I hadn't been by in a long time, but yesterday, I did some catchup reading here.
It struck me that a good winding spindle would be a medium-frame stepper motor with 200 or more steps per rotation. The motor itself should produce a good mechanical spindle to mount the necessary winding head on. If this is done well, the motor itself is the whole mechanics of the rotating spindle for single-sided winders. Constructing a tailstock would take a bit more effort.
If you needed gearing up/down, or wanted to introduce some damping to keep step-jitter out of the wind, you could use a DC motor with a double shaft and put a timing belt gear on the back shaft, use the front shaft for mounting the winding head, and then run the stepper on the timing belt. That should dampen steps a lot. The DC motor is only a mechanical spindle, it's not powered; just a convenient way to mount the spindle.
I would put a toothed disk on the back shaft as a counter and for CNC a position encoder.
Driving the traverse is not an issue for hand-guiders, of course. But if you want a machine controlled traverse, you could gen one up from a second stepper driving a 1/4-20 leadscrew inside a guide tube. The guide tube is slit and the actual traverse carrier is mounted to the side of the leadscrew nut and protrudes out of the guide tube. A square-section guide tube works, as does a delrin nut. The guide tube can be embellished with optical interruptors for limit switches.

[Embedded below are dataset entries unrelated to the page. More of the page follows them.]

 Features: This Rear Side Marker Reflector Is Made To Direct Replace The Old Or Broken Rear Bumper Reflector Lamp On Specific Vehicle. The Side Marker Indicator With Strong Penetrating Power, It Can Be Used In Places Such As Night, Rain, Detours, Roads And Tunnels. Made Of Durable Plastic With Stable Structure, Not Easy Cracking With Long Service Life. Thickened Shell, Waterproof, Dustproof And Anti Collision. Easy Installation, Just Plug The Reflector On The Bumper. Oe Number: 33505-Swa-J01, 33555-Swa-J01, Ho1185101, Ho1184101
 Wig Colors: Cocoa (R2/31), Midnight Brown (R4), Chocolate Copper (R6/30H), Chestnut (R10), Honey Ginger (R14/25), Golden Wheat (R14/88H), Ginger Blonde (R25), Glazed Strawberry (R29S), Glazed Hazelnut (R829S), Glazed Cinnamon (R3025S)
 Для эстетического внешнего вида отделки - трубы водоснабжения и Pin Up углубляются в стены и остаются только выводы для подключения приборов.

These two assemblies can then be independently bolted down to a mounting plate. Being steppers, they are already ripe for driving them with a $100 used laptop computer running some of the cheap CNC ware to drive steppers.
I liked this approach because it did away with all of the machining to make a winder. The motors themselves provide the spindle support for the winding head and the traverse. Making the guide tube and traverse is the most complicated thing and this can be done with ordinary garage tools.

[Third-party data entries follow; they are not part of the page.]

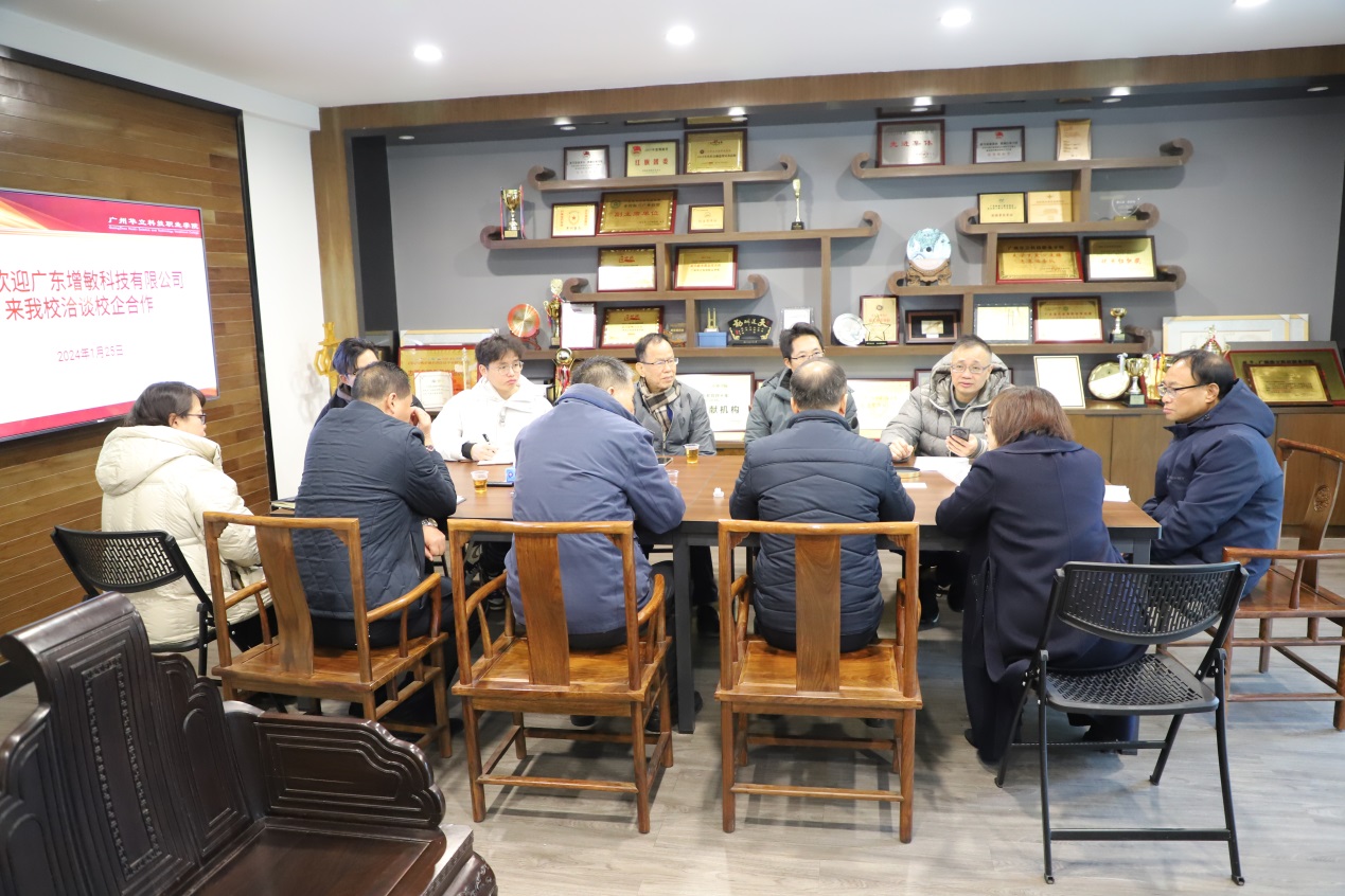 1月25日下午,学校邀请“广东增敏科技有限公司”领导来校洽谈校企合作。学校校长陈德清,党委书记陈良声、副校长马俊,科研处处长温伟胜、计算机信息学院党总支书记闵小翠、电力与智能制造学院院长褚玉峰、就业主任杨军等人参加了会议。
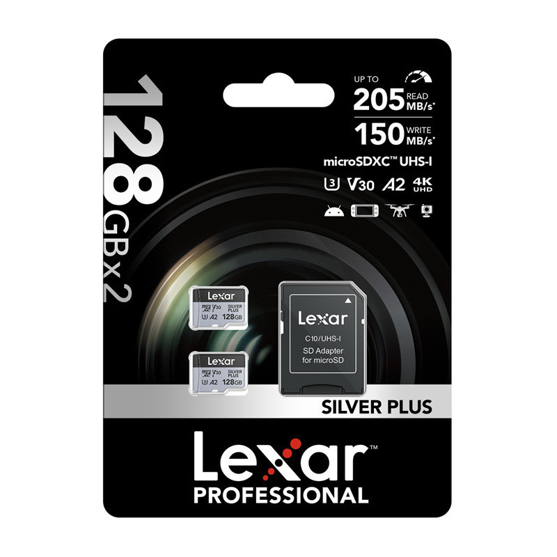Set of 2 Lexar High-Performance Silver Plus microSDXC 2x128GB memory cards + adapter
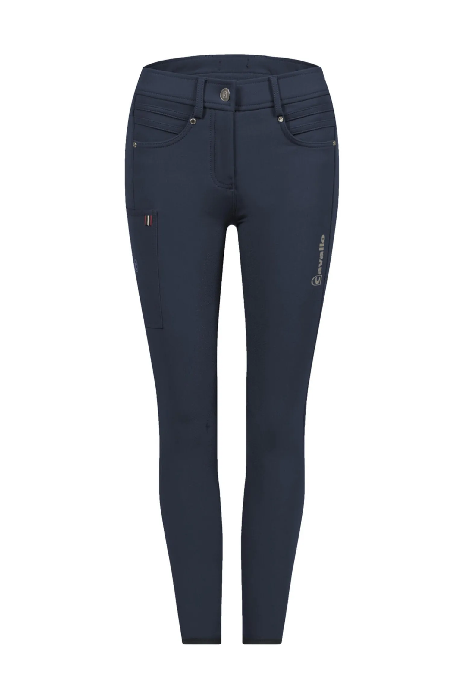 Sportliche Reithose im 5-Taschen-Design. Zwei bequeme Fronttaschen sind mit funkelnden Kristallnieten verziert. Die Handytasche hat das typische Cavallo-Streifenband und Steigbügelprint. Eine zusätzliche Reißverschlusstasche hinten bietet Platz zum Verstauen von Wertsachen. Die Hose bietet höchsten Tragekomfort durch den Verzicht auf eine Teilungsnaht am Kniebesatz. Die raffinierte Nahtgestaltung auf der Rückseite der Reithose zaubert eine perfekte, sportliche Figur.
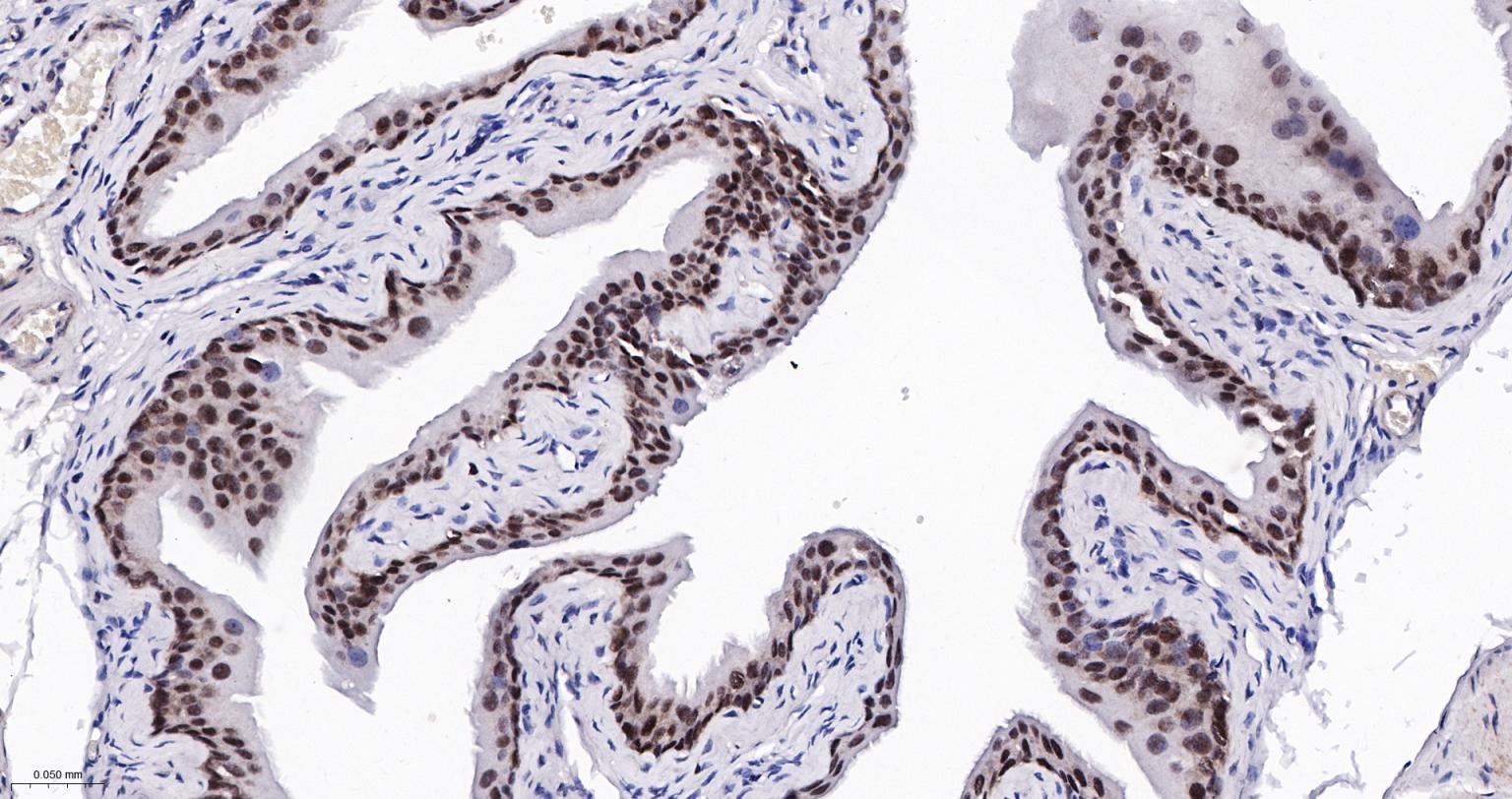 Paraformaldehyde-fixed, paraffin embedded Mouse Bladder; Antigen retrieval by boiling in sodium citrate buffer (pH6.0) for 15 min; The section was incubated with GATA3 Monoclonal Antibody, Unconjugated (bsm-60794R) at 1:200 overnight at 4°C, followed by conjugation to the bs-0295G-HRP and DAB (C-0010) staining.
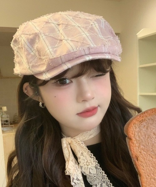 F:浅めのかぶり心地で小顔に見えます!チェック柄がアクセントになって可愛いです。
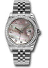36mm stainless steel case, 18K white gold bezel set with 52 brilliant-cut diamonds, dark mother of pearl dial, diamond hour markers, and stainless steel Jubilee bracelet.
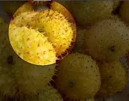 蔷薇属植物的果实都较小,玫瑰果也不例外。果实大小类似于樱桃,平均粒重3.5g左右。玫瑰果果皮和果肉颜色为红色或红黄色,果皮较薄;果肉包裹着果籽,与果籽有绒毛相连,果肉占果实的比重达63%。但由于每颗玫瑰果内都有15粒~40粒稻米大小的果籽,籽肉不易完全分离,所以鲜食不太方便。玫瑰果营养价值较高,适宜进行一定程度加工后食用。

It's also possible to drive the stepper motors from a 555 oscillator and hard-logic stepper encoders so you could put a resistor in a footpedal for spindle speed and use a joystick for traverse position.
This seems like a simple way to get a winder up and running, and have the mechanism ready to go to computer control.
I had some ideas about controlling the rotational speed of the spindle to speed up and slow down the spindle as a first order approximation to keeping constant wire speed - and hence tension - so that the necessary compliance on a tensioner was smaller. That needs more work.
It struck me that a good winding spindle would be a medium-frame stepper motor with 200 or more steps per rotation. The motor itself should produce a good mechanical spindle to mount the necessary winding head on. If this is done well, the motor itself is the whole mechanics of the rotating spindle for single-sided winders. Constructing a tailstock would take a bit more effort.
If you needed gearing up/down, or wanted to introduce some damping to keep step-jitter out of the wind, you could use a DC motor with a double shaft and put a timing belt gear on the back shaft, use the front shaft for mounting the winding head, and then run the stepper on the timing belt. That should dampen steps a lot. The DC motor is only a mechanical spindle, it's not powered; just a convenient way to mount the spindle.
I would put a toothed disk on the back shaft as a counter and for CNC a position encoder.
Driving the traverse is not an issue for hand-guiders, of course. But if you want a machine controlled traverse, you could gen one up from a second stepper driving a 1/4-20 leadscrew inside a guide tube. The guide tube is slit and the actual traverse carrier is mounted to the side of the leadscrew nut and protrudes out of the guide tube. A square-section guide tube works, as does a delrin nut. The guide tube can be embellished with optical interruptors for limit switches.
These two assemblies can then be independently bolted down to a mounting plate. Being steppers, they are already ripe for driving them with a $100 used laptop computer running some of the cheap CNC ware to drive steppers.
I liked this approach because it did away with all of the machining to make a winder. The motors themselves provide the spindle support for the winding head and the traverse. Making the guide tube and traverse is the most complicated thing and this can be done with ordinary garage tools.
It's also possible to drive the stepper motors from a 555 oscillator and hard-logic stepper encoders so you could put a resistor in a footpedal for spindle speed and use a joystick for traverse position.
This seems like a simple way to get a winder up and running, and have the mechanism ready to go to computer control.
I had some ideas about controlling the rotational speed of the spindle to speed up and slow down the spindle as a first order approximation to keeping constant wire speed - and hence tension - so that the necessary compliance on a tensioner was smaller. That needs more work.